Task objective: Whatever pictures the entries hold, omit them, and output exactly the lines from the one containing "App Features: Jamaat" through the final line.

Records provided:
=== Section Start ===
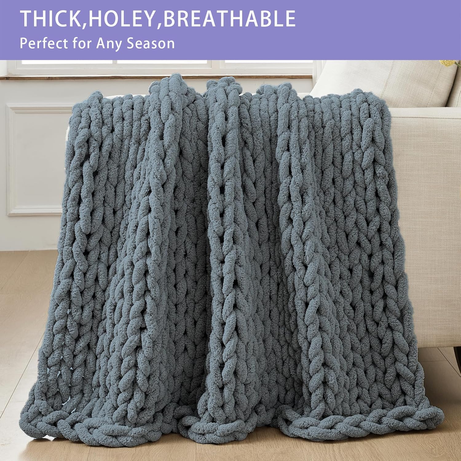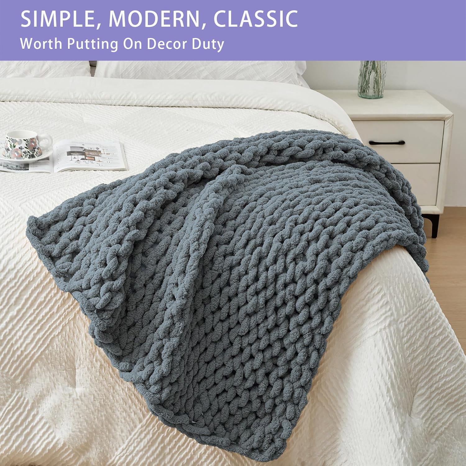 - No Shedding, No Stiffness, No Prickly: Our soft thick blankets and throws are knitted with premium chenille yarn to prevent shedding and stiffness, on chilly days, wrap you and your loved ones in the chunky blanket and enjoy this cuddly throw together
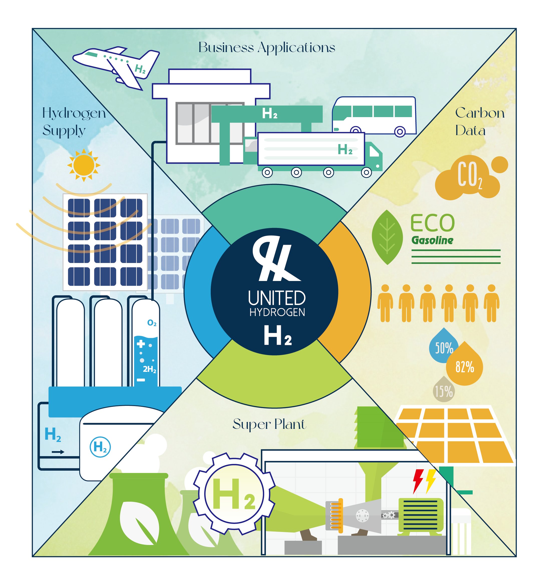 United Hydrogen is establishing an closed loop ecosystem from hydrogen supply to end-use energy consumption Providing one-stop service covering energy production, storage and transportation, infrastructure construction, business application, key equipment and carbon asset management
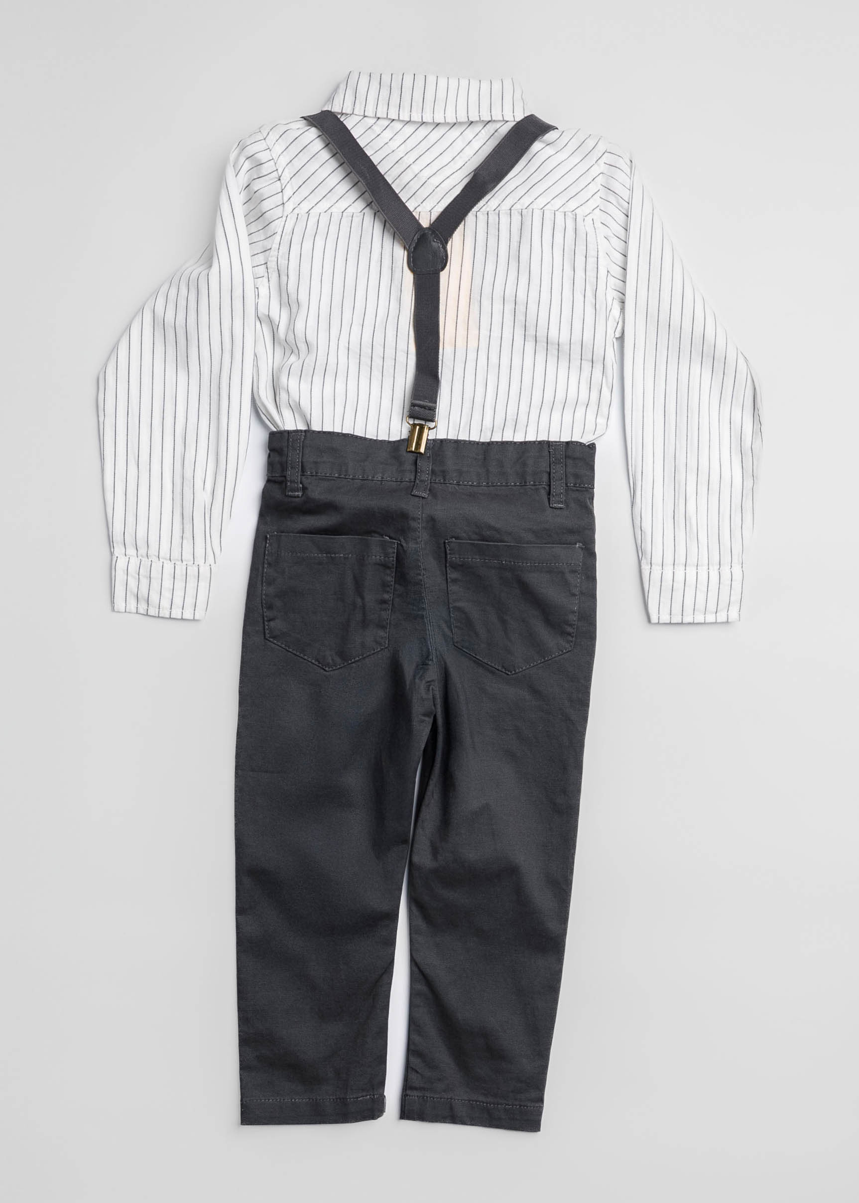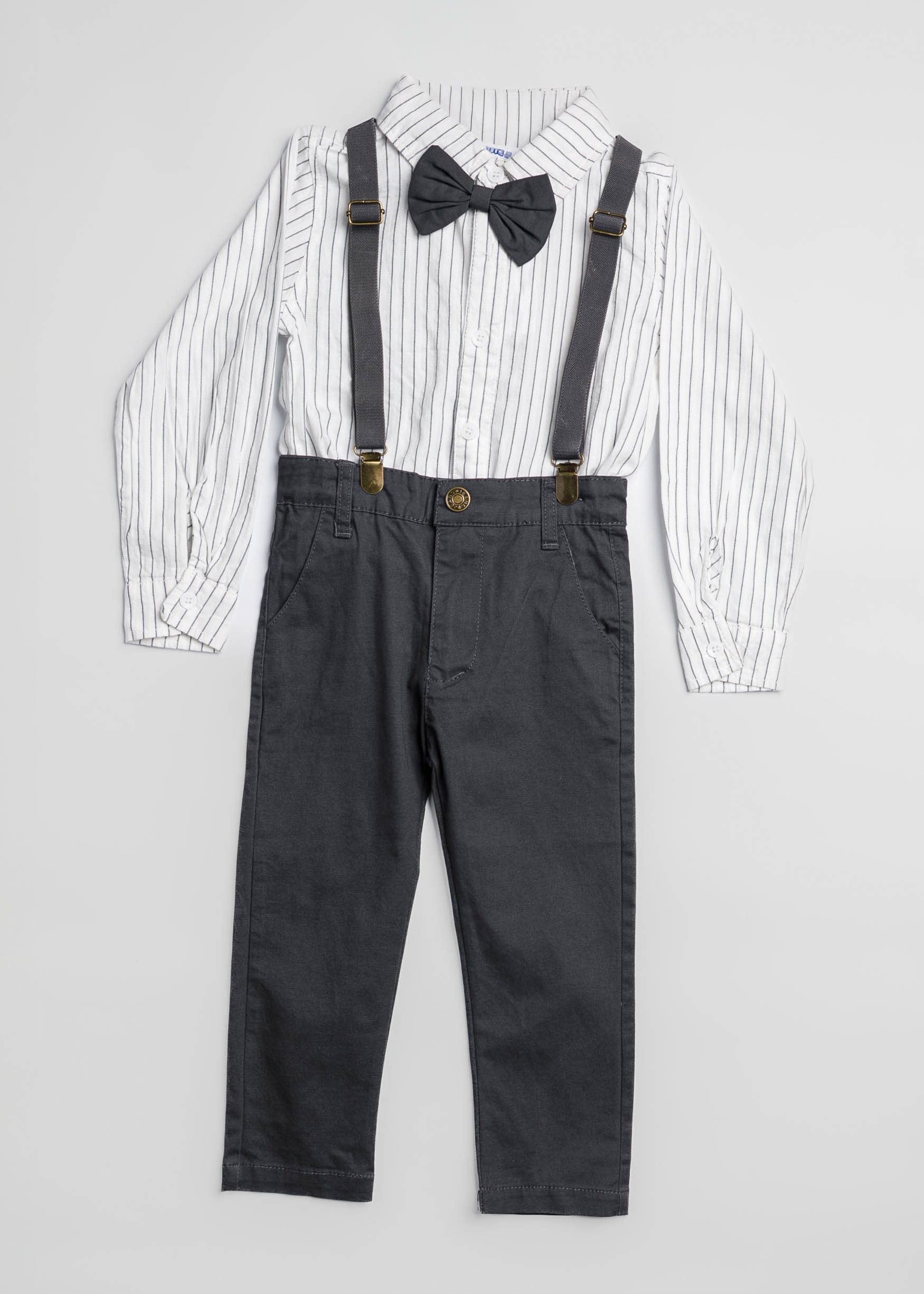 Baby boy suit, two-pieces, shirt, striped, rolled collar with front bow, front buttons to close, long sleeves with tight cuff, suspenders, trouser, plain, front button and zipper closure, front and back pockets, unique and modern
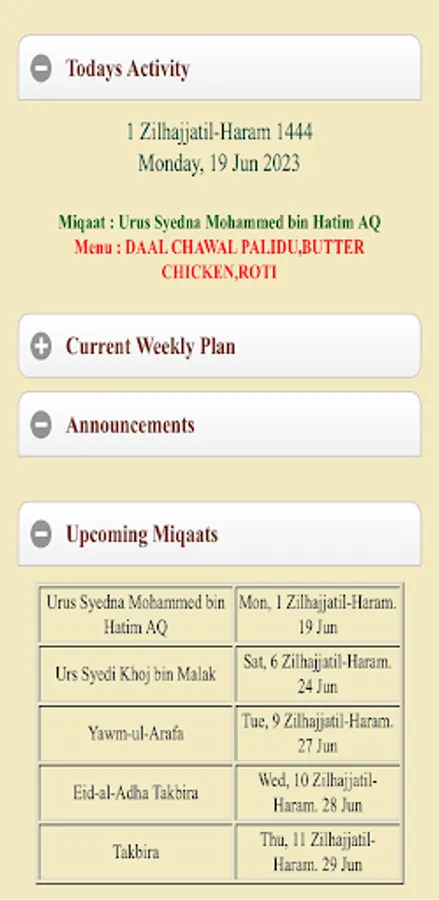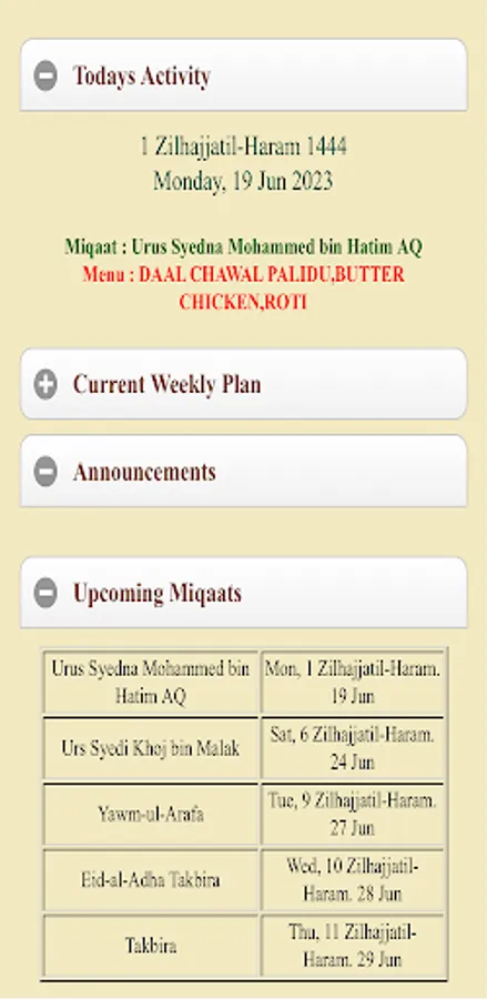 App Features: Jamaat Announcements/Communication, FAIZ UL MAWAID IL-BURHANIYAH Management, Weekly Menu, Monthly Menu & Thaali Revision, Stop Thaali Request
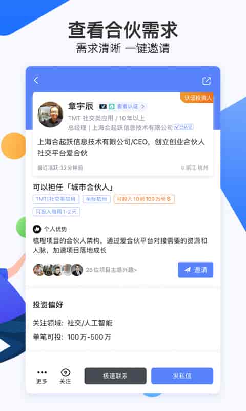 愛合伙是一款由上海合起躍信息技術有限公司推出的創業社交軟件。
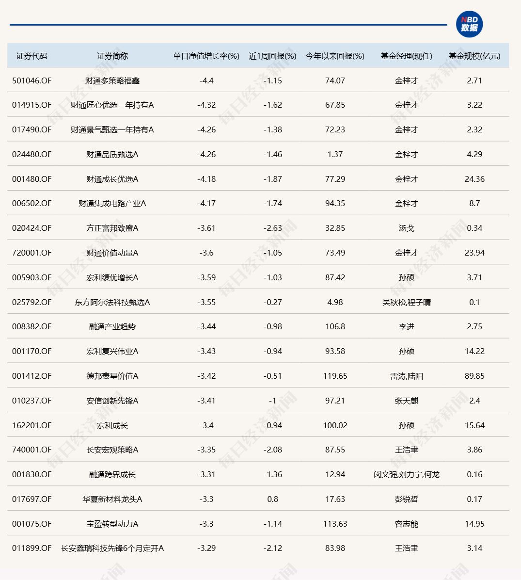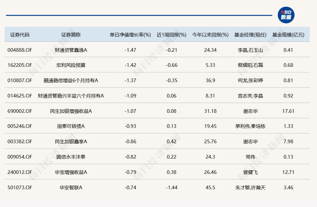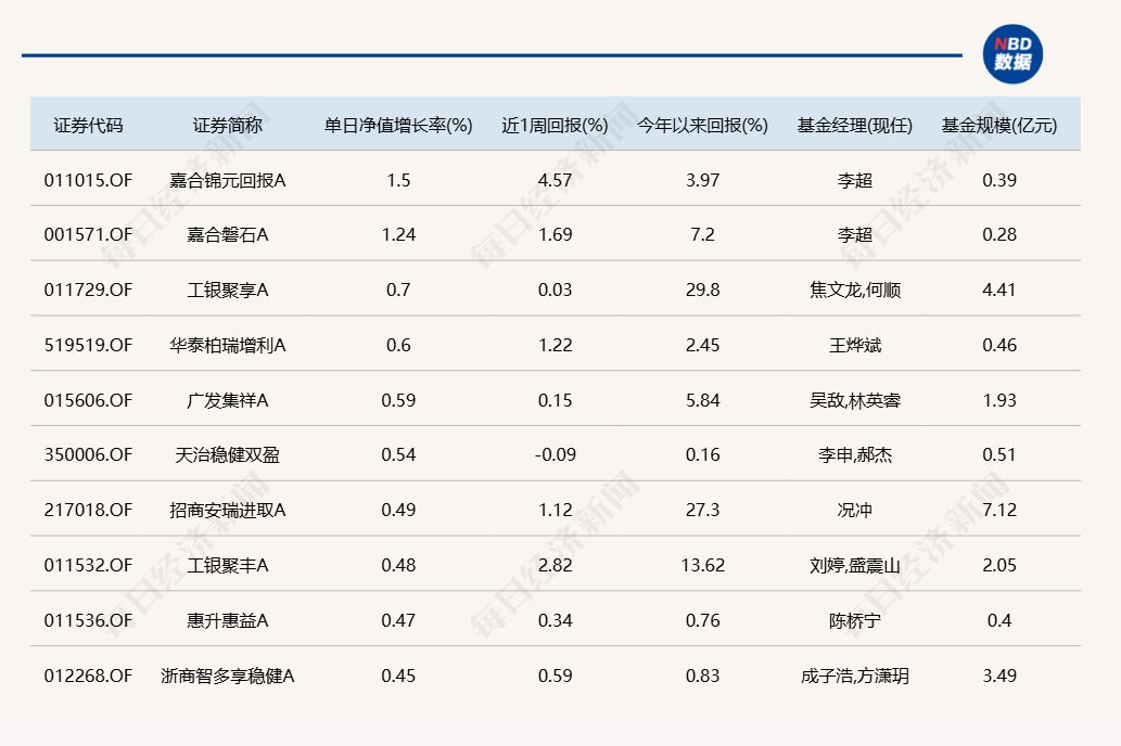3.单日债基涨跌幅榜
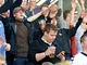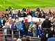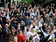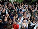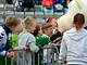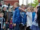 Vagtskiftet ved Marselisborg Slot skærtorsdag kl. 12 tiltrak mange fremmødte, mens politiets indsatsleder undervejs tog sig tid til at besvare spørgsmål fra en nysgerrig dreng.
=== Section End ===
Answer for the task:
 App Features: Jamaat Announcements/Communication, FAIZ UL MAWAID IL-BURHANIYAH Management, Weekly Menu, Monthly Menu & Thaali Revision, Stop Thaali Request
 愛合伙是一款由上海合起躍信息技術有限公司推出的創業社交軟件。
3.单日债基涨跌幅榜
 Vagtskiftet ved Marselisborg Slot skærtorsdag kl. 12 tiltrak mange fremmødte, mens politiets indsatsleder undervejs tog sig tid til at besvare spørgsmål fra en nysgerrig dreng.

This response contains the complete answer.